Understanding Tunisia’s domestic climate after the revolution, especially from 2011 to 2013, is essential to understanding the rise of jihadi-salafi violence in ensuing years. Tunisia’s transitional governments struggled to maintain order while managing high expectations from a population eager for economic and political transformation. Various segments of Tunisian society had different and frequently contradictory visions for what that transformation would look like. What all visions had in common, however, was an expectation of positive change, and what the champions of these visions had in common was a newfound freedom to speak out and organize, with little interference from security forces.
It was this domestic environment that allowed jihadi-salafi ideology and activity to spread, inspiring and mobilizing Tunisian fighters on a scale that soon dwarfed past waves of jihadi-salafi recruitment.
The new political openness and commitment to freedom of speech after the revolution allowed groups of all ideological stripes to organize freely and build constituencies in an open market of ideas.
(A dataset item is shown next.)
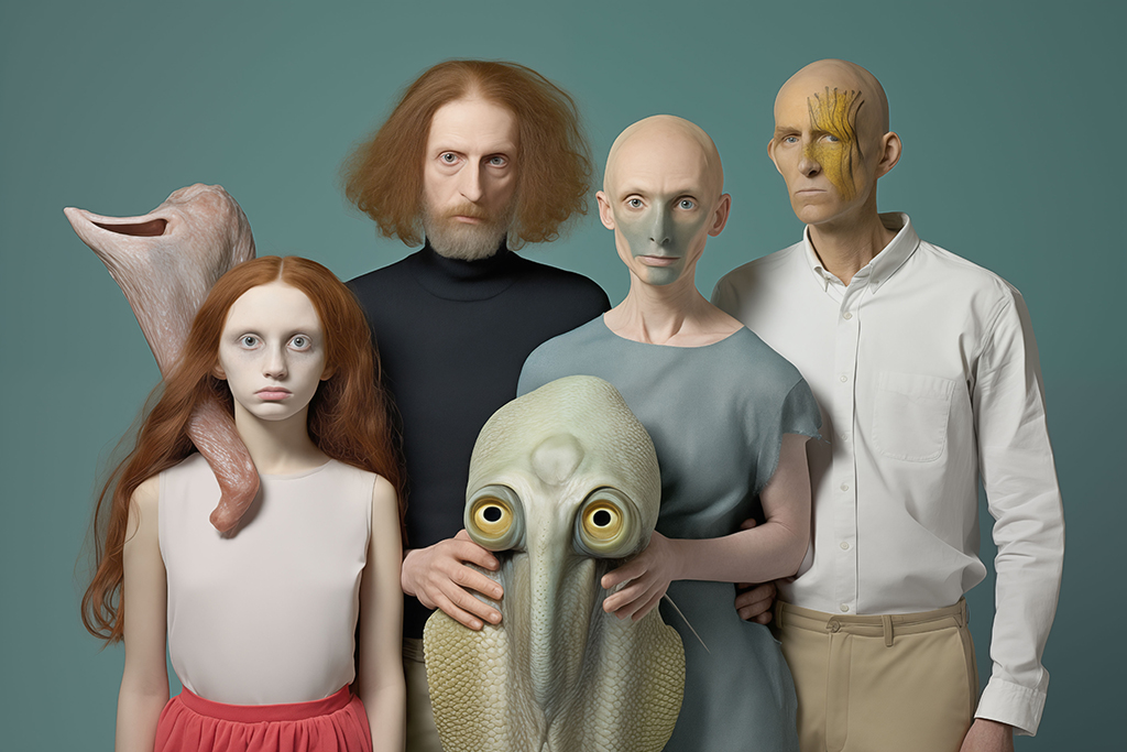 Installazione multimediale ed interattiva con i ritratti di 89 famiglie ibride e post-umane che esplorano identità, mutazione e nuove forme di relazione. Un atlante visivo tra arte, tecnologia e immaginazione che ridefinisce il concetto di famiglia contemporanea.
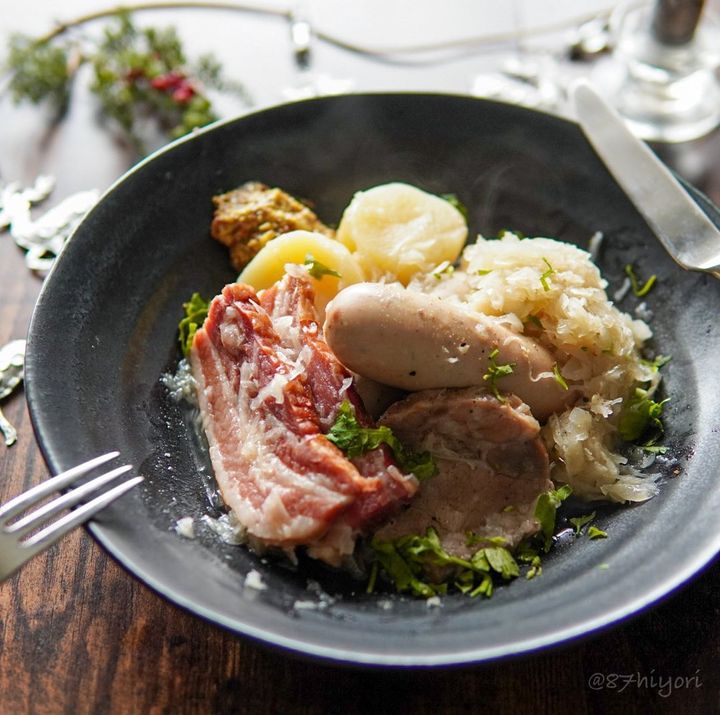 @87hiyoriさんは、ベーコンやヴァイスヴルスト(白ソーセージ)、蒸し豚、じゃがいもとシュークルートを一緒に煮込んで。キャベツのさわやかな酸味がそれぞれの具材と調和して、奥深い味わいを奏でます。

Civil society leaders reported that between 7,000 and 10,000 new organizations of different sizes, including unions, associations, and professional groups, registered with the government in the first 10 months after the revolution. Over 100 political parties representing an ideological and political kaleidoscope formed in the same period. More than 200 new print publications hit Tunisian stands by 2012, adding to a diverse chorus of newly unconstrained media voices.
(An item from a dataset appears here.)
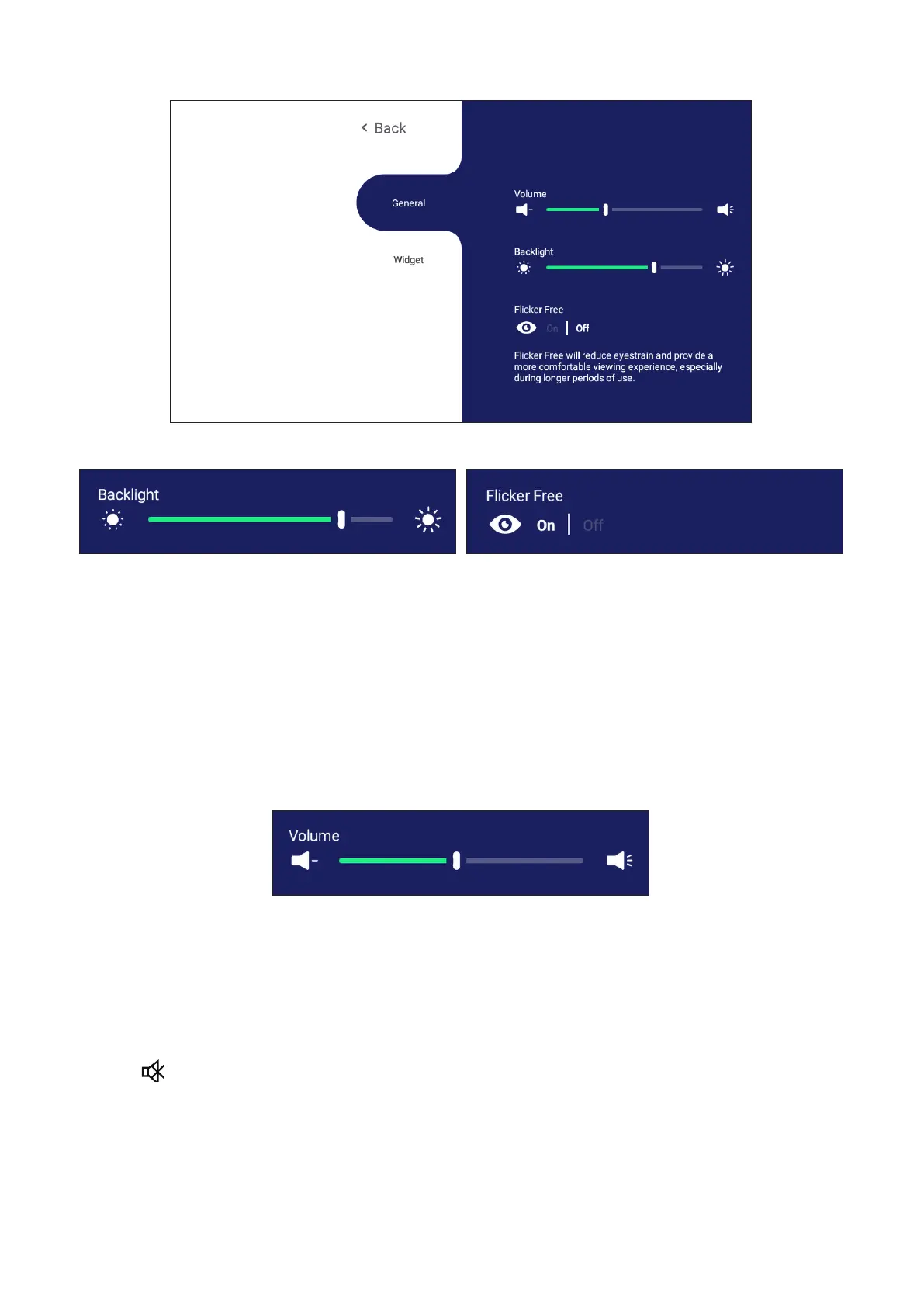 To adjust the Backlight and enable/disable Flicker Free:

The new political openness and commitment to freedom of speech after the revolution allowed groups of all ideological stripes to organize freely and build constituencies in an open market of ideas.
It was in this context that salafists and jihadi-salafists, who had generally remained underground before the revolution, emerged and preached openly. Salafists began recruiting in poor and working-class urban areas but also appeared in the media, debating religion and politics in public venues. This environment also allowed more competition between different Islamist groups. Several salafi political parties registered for elections, while Ansar al Shari`a, the largest jihadi-salafi movement, held conventions that drew 1,000 people in 2011 and as many as 10,000 the next year, while overall membership reportedly swelled to between 10,000 and 20,000.
Immediately following the revolution, new freedoms extended to political prisoners, including many jihadi-salafists imprisoned under Ben Ali. As part of its effort to break with the past, Tunisia’s first transitional government pardoned hundreds of political prisoners with a general amnesty law in February 2011, among them jihadi-salafists.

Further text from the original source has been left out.